More bashing of my dear friend. I’m in the last stages of the book ms, and trying to come to grips with his legacy. This following excerpt concerns the seeds he planted for fascism.
It is clear that Elisabeth distorted Nietzsche’s philosophy in serious ways. Nietzsche was of course no German nationalist; he prided himself on being “a good European,” and practically disowned his German nationality (in his autobiography, he claimed bizarrely to be descended from Polish nobility). He was no anti-Semite, and loathed the anti-Semites of his time, including his brother-in-law, Bernhard Förster. (It would be fairer, though, to call him an “anti-anti-Semite,” rather than any devoted defender of Judaism.) He wrote glowingly of wars, and the strength one gains through battle, but he surely would not have approved of the nationalistic swagger that resulted in two world wars.
Nevertheless, there is certainly enough in Nietzsche’s writings to see how fascists might take him as their own philosopher. Perhaps the most startling is found in the first treatise of On the Genealogy of Morality (1887). Nietzsche first describes how the strong and noble men eventually succumbed to the slave morality promoted by the weak and insidious, as if birds of prey were coaxed by lambs into believing that it is a sin to be a predator, and a great virtue to be a prey. These predators internalize the values preached by the lambs, and their behavior is kept in check by customs, social mores, and “mutual surveillance.” But, Nietzsche continues, once those predators are placed in foreign territory, where the rule by lambs is no longer effective, there is a radical change in their behavior:
There they enjoy freedom from all social constraint; in the wilderness they recover the losses incurred through the tension that comes from a long enclosure and fencing-in within the peace of the community; they step back into the innocence of the beast-of-prey conscience, as jubilant monsters, who perhaps walk away from a hideous succession of murder, rape, arson, torture with such high spirits and equanimity that it seems as if they have only played a student prank, convinced that for years to come the poets will again have something to sing and to praise. (GM 1, 11)
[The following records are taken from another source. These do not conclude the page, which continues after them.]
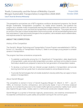 This perspective summarizes one of MTI’s signature workforce development programs, the Garrett Morgan Sustainable Transportation Competition1 for middle school students, and positions the program as a valuable model of experiential learning that bridges classroom content with real-world challenges to empower youth and build the transportation workforce pipeline. This project serves as an archive of the year’s unique transportation theme and prompts, as well as participating teams and their submissions. It also documents changes to the competition, demonstrates value to stakeholders, and explores areas for improvement.
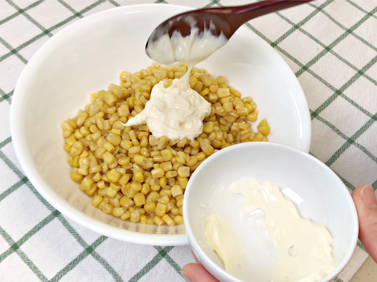 물기 빠진 옥수수에 마요네즈를 넣고 잘 섞어줘요.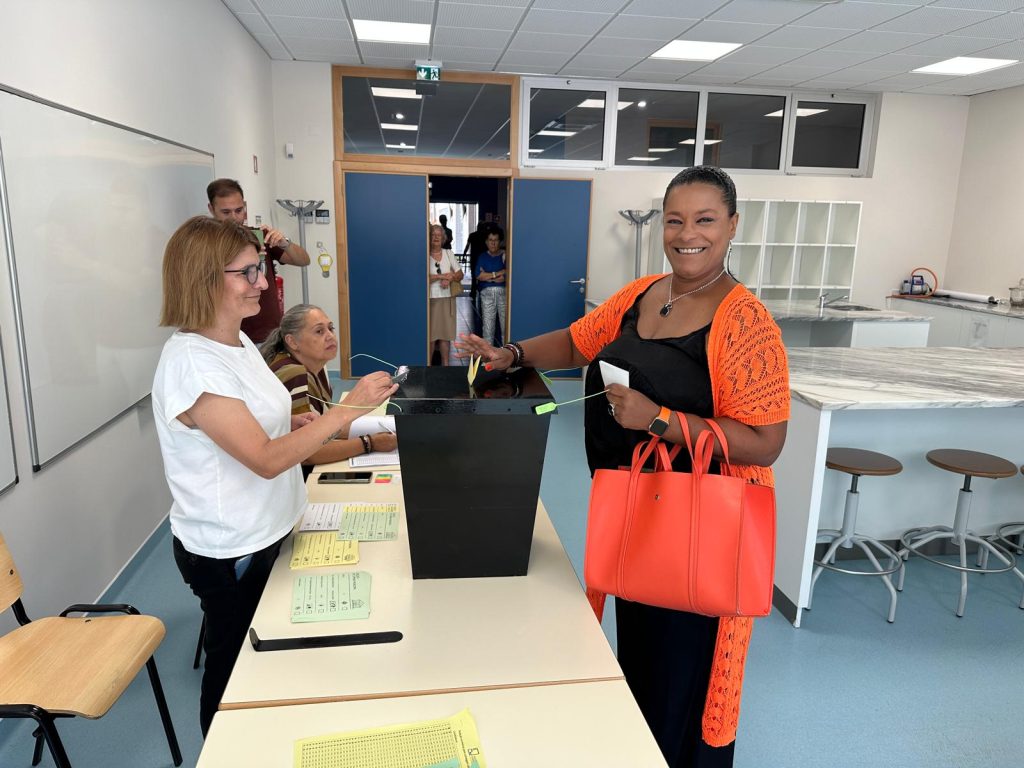 A candidato da da Aliança Democrática (AD) votou na freguesia de Assunção, na Escola EB 2/3 de Santa Luzia, esta manhã cerca das 10.30 horas. Margarida Paiva perante a boa

He goes on to mention the Romans, Arabs, Germans, Japanese, ancient Greeks, and Vikings as having shown themselves historically to be such jubilant monsters. And, indeed, it is impossible to deny the monstrosity of what is done on battlefields by young men raised to be as civilized, as “moral,” and as restrained and gentle as any lamb. One wonders if some of Nietzsche’s own military experience is surfacing in this passage.
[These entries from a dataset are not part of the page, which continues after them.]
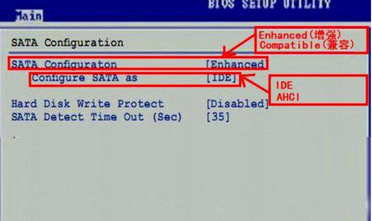 把SATA Configuration的值由Enhanced(增強型)改為Compatible(兼容型),然后再把Configuration SATA as的值,由AHCI改為IDE即可,按F10保存退出。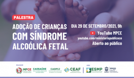 O Ministério Público do Estado do Ceará (MPCE) promove no dia 29 de setembro, às 9h, uma palestra com o tema “Adoção de crianças com síndrome alcoólica fetal”. O evento, que será transmitido pelo canal do MPCE no Youtube, é aberto ao público e visa tratar da temática trazendo uma visão jurídica e científica dos processos de adoção. A iniciativa é promovida pelos Centros de Apoio Operacional da Saúde (Caosaúde) e da Infância e da Juventude (Caopij) e pelo Centro de Estudos e Aperfeiçoamento Funcional (CEAF), com apoio da Escola Superior do Ministério Público (ESMP) e da Universidade de Fortaleza (Unifor).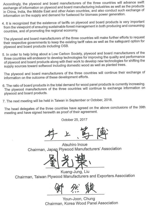 第39回 日・台・韓 合板産業懇談会会議総括(英文及び仮和訳)
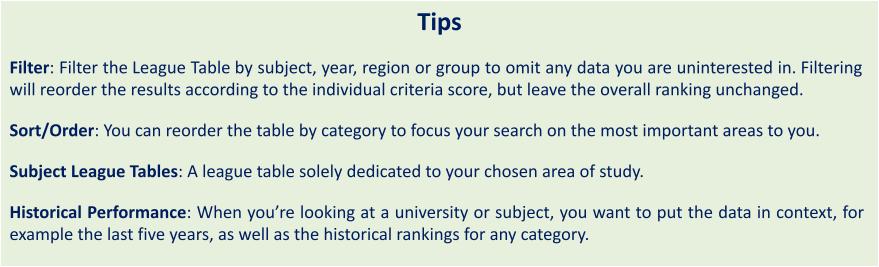 We recommended The Complete University Guide website for comprehensive and easy to use league tables. www.thecompleteuniversityguide.co.uk/league-tables
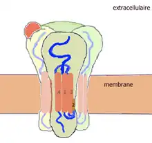 ![]() Structure d'une sous-unité des récepteurs ionotropes du glutamate. |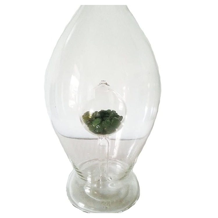 Glas Karaffe mit bunten Halbedelsteinen Karneol in Innerem Höhe 30 cm Inhalt 0,5 Liter mundgeblasen Klarglas

Fair enough: in war, humans reveal themselves to be jubilant monsters. But to what extend is Nietzsche condoning or even extolling the beast-of-prey conscience? Towards the end of this section, he excuses anyone who cannot escape the fear of “the blond beast” — the human propensity to cruelty in war is something worth fearing. But, he continues, who would not prefer both fearing and somehow admiring our beasts of prey to being “unable to escape the disgusting sight of the deformed, reduced, atrophied, poisoned”? In other words: who wouldn’t prefer to see the “student pranks” of the bloody battlefield to the grotesque spectacle of predators pretending to be lambs? Hmm. Two sections later, he counsels his predators to “look on this a little mockingly and perhaps say to themselves, ‘we do not feel any anger towards them, these good lambs, as a matter of fact, we love them: nothing is more tasty than a tender lamb’” (GM 1, 13). This is because it is profoundly unnatural for strength to be disguised as anything other than what it is:
To demand of strength that it not express itself as strength, that it not be a desire to overwhelm, a desire to cast down, a desire to become lord, a thirst for enemies and resistances and triumphs, is just as nonsensical as to demand of weakness that it expresses itself as strength. (GM 1, 13)
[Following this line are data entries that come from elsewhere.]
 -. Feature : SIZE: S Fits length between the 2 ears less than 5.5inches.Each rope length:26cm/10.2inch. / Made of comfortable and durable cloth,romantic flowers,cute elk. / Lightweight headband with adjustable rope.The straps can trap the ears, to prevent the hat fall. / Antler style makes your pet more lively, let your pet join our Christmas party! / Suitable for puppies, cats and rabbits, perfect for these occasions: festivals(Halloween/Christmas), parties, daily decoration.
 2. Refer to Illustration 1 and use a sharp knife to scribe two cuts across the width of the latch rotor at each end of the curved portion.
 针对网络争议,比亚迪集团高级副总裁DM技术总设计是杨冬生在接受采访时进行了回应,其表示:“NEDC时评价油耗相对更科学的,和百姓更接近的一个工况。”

A quantum of power, he goes on to explain, just is its expression; it is a philosophical or grammatical illusion to believe in some hidden “doer” behind the action, issuing behaviors according to its conscious control. To be powerful is to do things expressing that power. Thus it is impossible to expect a beast of prey to ever truly be a lamb. Power will out. It is hard to read these passages as anything other than a ringing endorsement of letting the beast-of-prey conscience range freely.
It is but a short step from this endorsement to full-blown fascism. The elements are all in place. A core theme of Nietzsche’s thought is inegalitarianism, or elitism: clearly, some people are better than others (healthier, freer, stronger). He frequently expressed a fundamental distrust of democracy, or majority rule. He did not believe weaker or disenfranchised people should receive the protection of law, since such protection would only preserve or reinforce their weakness. He criticized the principles of liberalism, believing that an individual’s rights are somehow a function of their breed, race, or class; In short, only the superior ones have rights, and their rights are commensurate with their power. What then should the superior ones do, and what is their responsibility to the inferior ones? The Nietzschean answer is, fundamentally, that the superiors have responsibility to one another only to the extent that others can help them to build their own power. To the inferior ones, the superior have no responsibility at all, except to present them with adversity, in the hope of building their strength and fashioning them into worthy opponents.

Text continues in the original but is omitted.